M. Deniker, of the Museum of Natural History in Paris, has received from Corea three hundred and seventy-five specimens of roots, seeds, fruits, etc., represented in the pharmacopoeia of the country as sovereign remedies against various diseases. There are also among them powders of soapstone, sand, and other mineral substances. All are enveloped in complicated wrappers inscribed with Corean and Manchu formulas. A manuscript containing a list of a hundred and ten medicines which can be manufactured with the drugs has also been sent to the museum. It gives, in connection with each formula, the name of the disease for which the remedy is to be administered. There are remedies for cold in the head, indigestion, headache, ill humor on getting up in the morning, and indisposition after "making a night of it."

A species of ant in Victoria, Australia, is described by Mr. J. C. Goudie, which keeps in close confinement a mealy aphis that feeds on the stems of eucalyptus, around and over which it constructs a dome of pieces of grass, etc., that holds the aphis imprisoned and keeps other ants away. In front of the door of this covering, if it has one, two sentinel ants are posted, which vigilantly guard the opening. Each inclosure generally contains from three to a dozen aphides, and about as many ants. When the author broke into some of these structures to inspect them more closely, the ants at once seized their aphides and carried them off.

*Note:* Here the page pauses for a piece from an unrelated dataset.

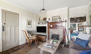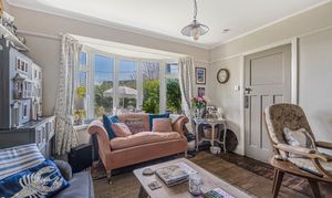 To the right a lovely lounge full of light with bay window to the front, open fireplace with high level wooden mantel tiled backing and hearth, picture rail.

Sir Gardner Wilkinson observed more than fifty years ago that the ancient Egyptians had a keen appreciation of the comic, and published a considerable number of drawings from the monuments that fully established the correctness of his view. Further illustrations of the fact, given by Herr Emil Brugsch Bey, are published in French and German papers as new discoveries. A newly exhumed papyrus of the twenty second dynasty contains humorous sketches of cats and rats, in which the cats act like rats and rats like cats. In one design, a rat dressed as a grand lady is served by a servant cat, who offers her a mirror. In the next scene a rat poses as a young Egyptian dandy, while his valet cat dresses his beard and adjusts an immense wig upon his head. In a third scene a cat is officiating as nurse to a young rat. All the pictures are colored.